=== What you are asked to do ===
Each entry is to be retyped without alteration, and no picture is to be included.

Stored entries
=======

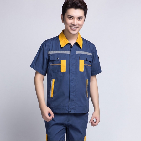 苏州鹰诺服装:深蓝配桔红春秋工作服AC069
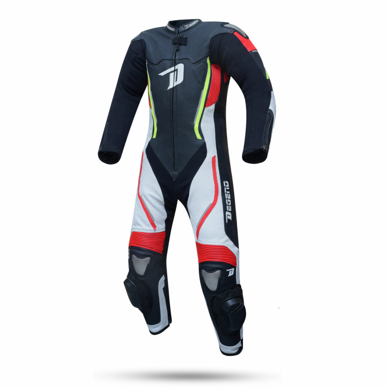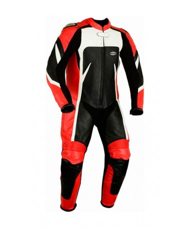 MONO DE CUERO UNA PIEZA ROJO/NEGRO/BLANCO CON PROTECCIONES DE TITANIO PARA NIÑOS
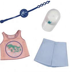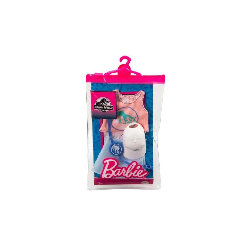 Zestaw ubranek dla Barbie z grafiką filmu Jurrasic World. Pasuje na lalki Barbie 30 cm. W komplecie: strój i dodatki. Łącz ubranka dla lalek Barbie, aby pobudzić wyobraźnię i odgrywać różne opowieści (zestawy sprzedawane oddzielnie w zależności od dostępności).
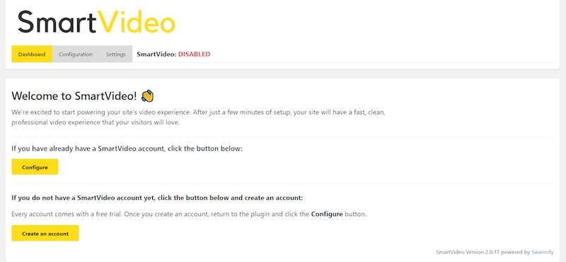 Now that your Swarmify account is up and running, the next step is to install and activate the SmartVideo plugin:
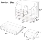 Versatile Storage Solution: This acrylic desk organizer is perfect for keeping your workspace tidy. Its dimensions are about 8.7" L x 5.5" W x 7.7"H. It can hold a variety of items such as stationery, pens, paper clips, A4 Paper, books, files, magazines, makeup and office supplies Multiple Compartments and Handle: Cididu clear pencil pen holder has 5 compartments and 2 sliding drawers, which provides ample space for sorting different size items. And the storage box has two handles, easy to move Stable and Secure: Comes with four anti-slip stickers that prevent the desktop organizer storage from moving when you pull or push the drawers, and saves your desktop from scratches. Tips: Please note that there is a protective film on the outer layer, peel it off before use to enjoy a clear view High Quality Material: The file organizer for desk is made of strong and durable acrylic. It offers a clear view of the contents inside, making it convenient to find what you're looking for. The storage box can be used for a long time and is easy to clean Dress Up Your Desk: Our desk caddy organizer requires no installation and can be quickly used in offices, homes, schools, workplaces, dormitories, dressing table. Keep your place clean and organized so that you can easily access the items you want Product Description Cididu Acrylic Desk Organizer with 2 Drawers, Clear Office Drawer Organizer Comes with four anti-slip stickers that prevent the desktop organizer storage from moving when you pull or push the drawers, and saves your desktop from scratches. Tips: Please note that there is a protective film on the outer layer, peel it off before use to enjoy a clear view This acrylic desk organizer is perfect for keeping your workspace tidy. Its dimensions are about 8.7" L x 5.5" W x 7.7"H. It can hold a variety of items such as stationery, pens, paper clips, A4 Paper, books, files, magazines, makeup and office supplies Cididu clear pencil pen holder has 5 compartments and 2 sliding drawers, which provides ample space for sorting different size items. And the storage box has two handles, easy to move Dress Up Your Desk Our desk caddy organizer requires no installation and can be quickly used in offices, homes, schools, workplaces, dormitories, dressing table. Keep your place clean and organized so that you can easily access the items you want
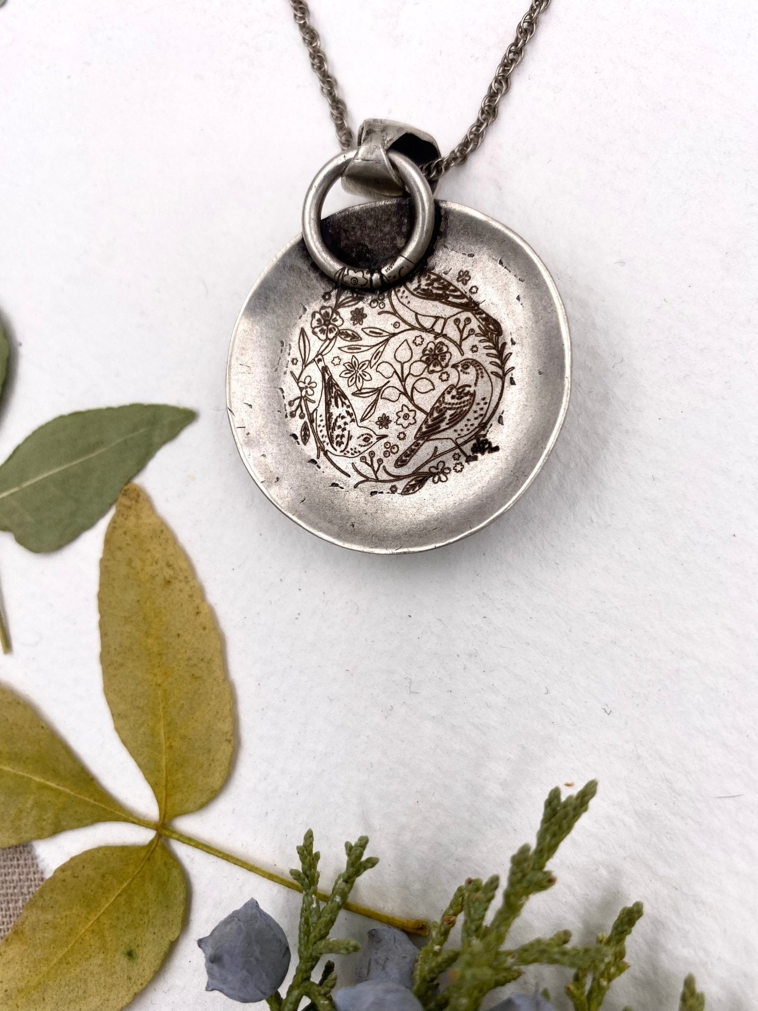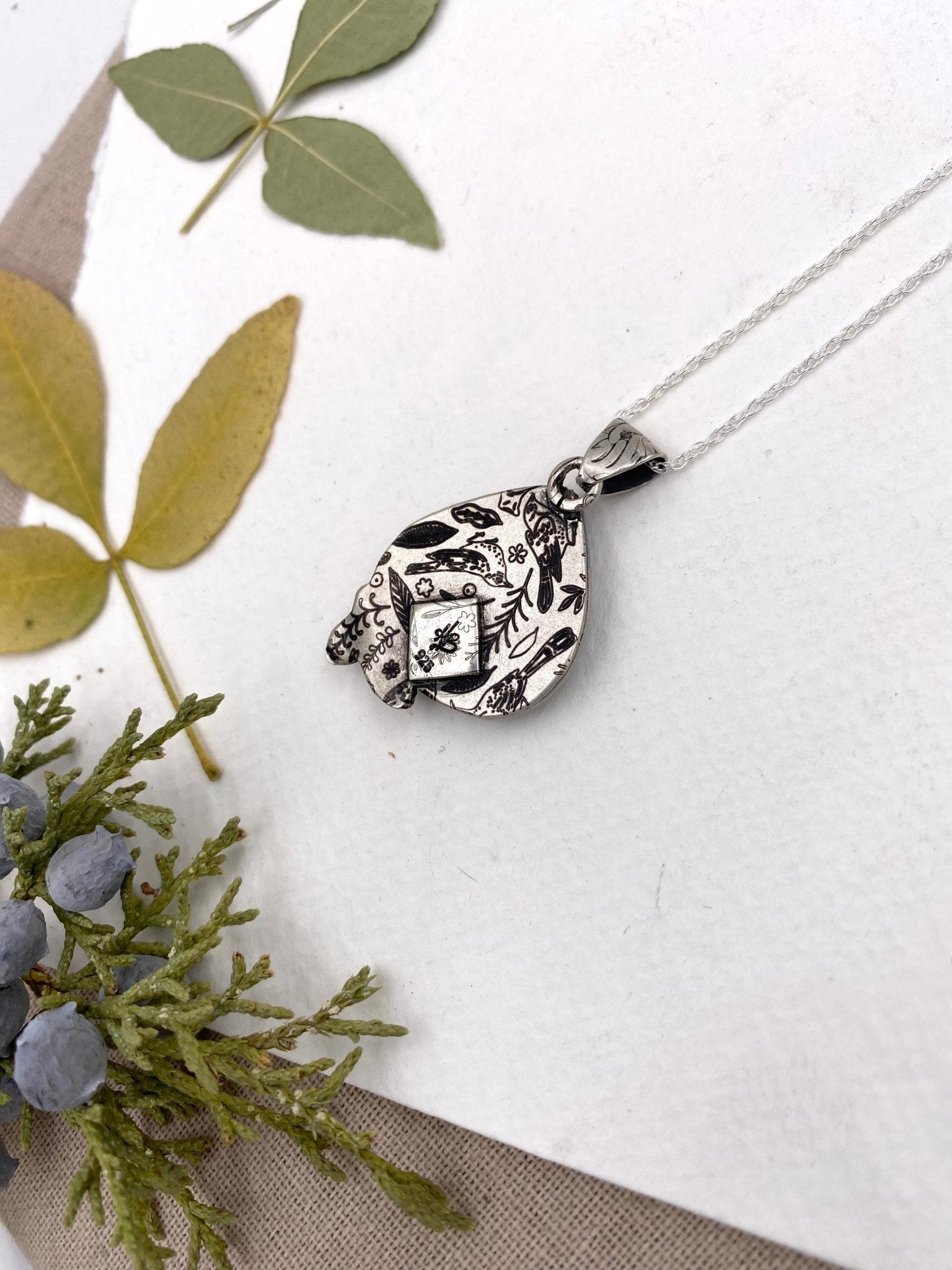 A quiet ode to nature and nostalgia, this pendant feels plucked from a forgotten storybook. Layered sterling silver is etched with wildflowers, their darkened petals...

=======

=== Output of the exercise ===
 苏州鹰诺服装:深蓝配桔红春秋工作服AC069
 MONO DE CUERO UNA PIEZA ROJO/NEGRO/BLANCO CON PROTECCIONES DE TITANIO PARA NIÑOS
 Zestaw ubranek dla Barbie z grafiką filmu Jurrasic World. Pasuje na lalki Barbie 30 cm. W komplecie: strój i dodatki. Łącz ubranka dla lalek Barbie, aby pobudzić wyobraźnię i odgrywać różne opowieści (zestawy sprzedawane oddzielnie w zależności od dostępności).
 Now that your Swarmify account is up and running, the next step is to install and activate the SmartVideo plugin:
 Versatile Storage Solution: This acrylic desk organizer is perfect for keeping your workspace tidy. Its dimensions are about 8.7" L x 5.5" W x 7.7"H. It can hold a variety of items such as stationery, pens, paper clips, A4 Paper, books, files, magazines, makeup and office supplies Multiple Compartments and Handle: Cididu clear pencil pen holder has 5 compartments and 2 sliding drawers, which provides ample space for sorting different size items. And the storage box has two handles, easy to move Stable and Secure: Comes with four anti-slip stickers that prevent the desktop organizer storage from moving when you pull or push the drawers, and saves your desktop from scratches. Tips: Please note that there is a protective film on the outer layer, peel it off before use to enjoy a clear view High Quality Material: The file organizer for desk is made of strong and durable acrylic. It offers a clear view of the contents inside, making it convenient to find what you're looking for. The storage box can be used for a long time and is easy to clean Dress Up Your Desk: Our desk caddy organizer requires no installation and can be quickly used in offices, homes, schools, workplaces, dormitories, dressing table. Keep your place clean and organized so that you can easily access the items you want Product Description Cididu Acrylic Desk Organizer with 2 Drawers, Clear Office Drawer Organizer Comes with four anti-slip stickers that prevent the desktop organizer storage from moving when you pull or push the drawers, and saves your desktop from scratches. Tips: Please note that there is a protective film on the outer layer, peel it off before use to enjoy a clear view This acrylic desk organizer is perfect for keeping your workspace tidy. Its dimensions are about 8.7" L x 5.5" W x 7.7"H. It can hold a variety of items such as stationery, pens, paper clips, A4 Paper, books, files, magazines, makeup and office supplies Cididu clear pencil pen holder has 5 compartments and 2 sliding drawers, which provides ample space for sorting different size items. And the storage box has two handles, easy to move Dress Up Your Desk Our desk caddy organizer requires no installation and can be quickly used in offices, homes, schools, workplaces, dormitories, dressing table. Keep your place clean and organized so that you can easily access the items you want
 A quiet ode to nature and nostalgia, this pendant feels plucked from a forgotten storybook. Layered sterling silver is etched with wildflowers, their darkened petals...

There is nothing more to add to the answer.